Task to carry out –
Please set down, unchanged, each line from the one with "watch for splintering." to the final line of the data below, both included. Drop the pictures.

Data section –

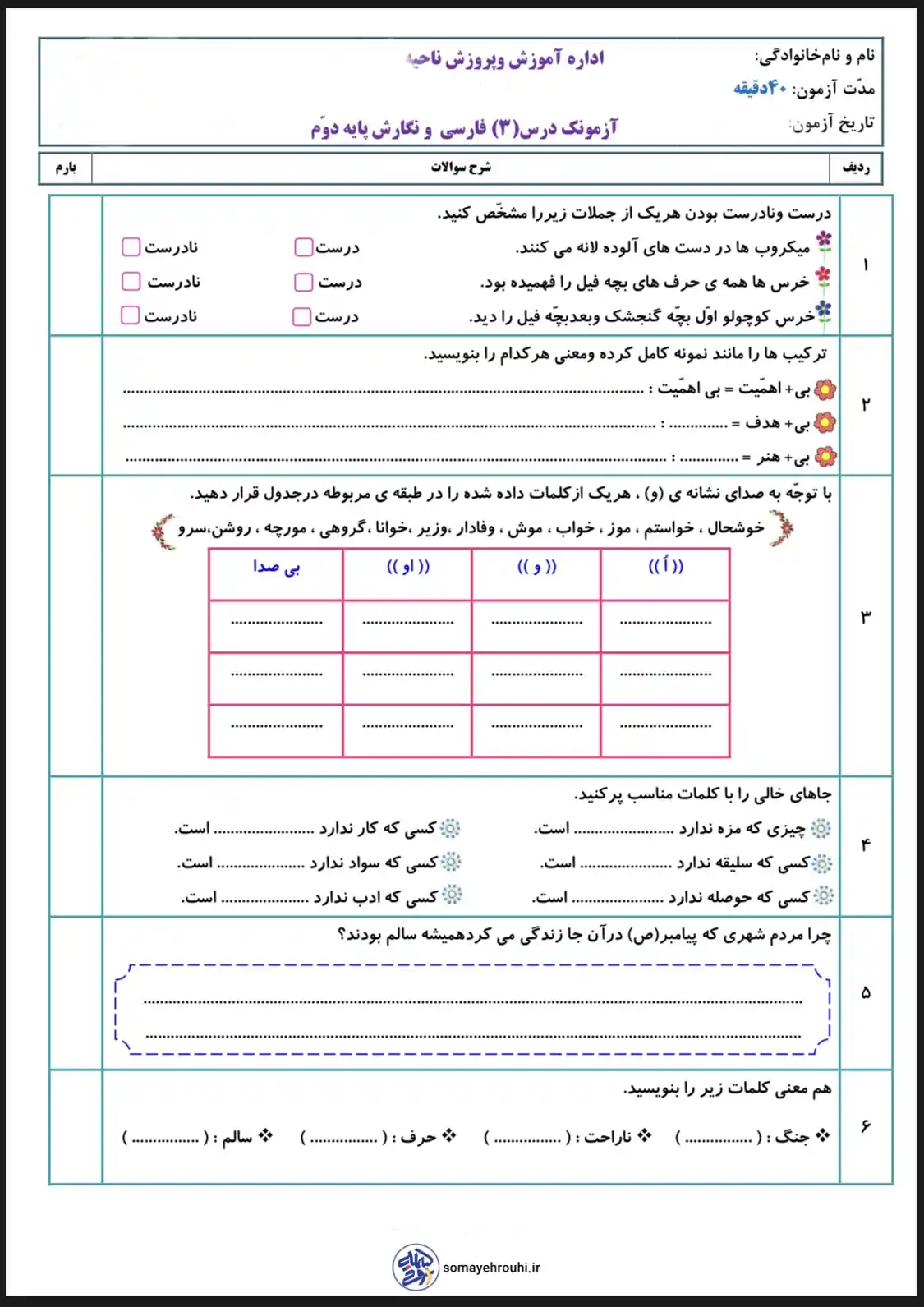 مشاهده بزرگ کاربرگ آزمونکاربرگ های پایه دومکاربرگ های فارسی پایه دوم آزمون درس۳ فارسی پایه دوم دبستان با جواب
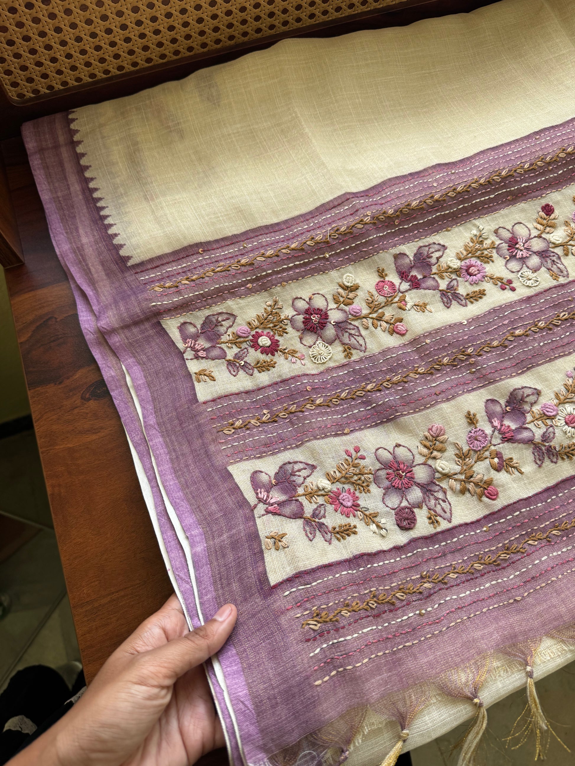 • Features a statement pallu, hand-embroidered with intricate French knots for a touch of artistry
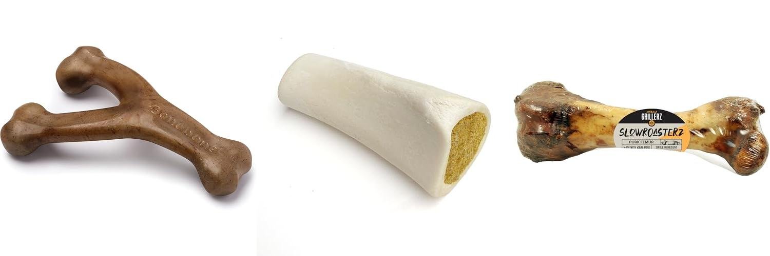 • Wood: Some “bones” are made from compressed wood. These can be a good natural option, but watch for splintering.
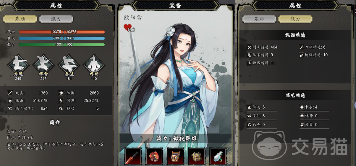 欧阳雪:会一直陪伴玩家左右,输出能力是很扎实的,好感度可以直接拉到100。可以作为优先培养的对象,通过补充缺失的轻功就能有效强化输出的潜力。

Written response –
 • Wood: Some “bones” are made from compressed wood. These can be a good natural option, but watch for splintering.
 欧阳雪:会一直陪伴玩家左右,输出能力是很扎实的,好感度可以直接拉到100。可以作为优先培养的对象,通过补充缺失的轻功就能有效强化输出的潜力。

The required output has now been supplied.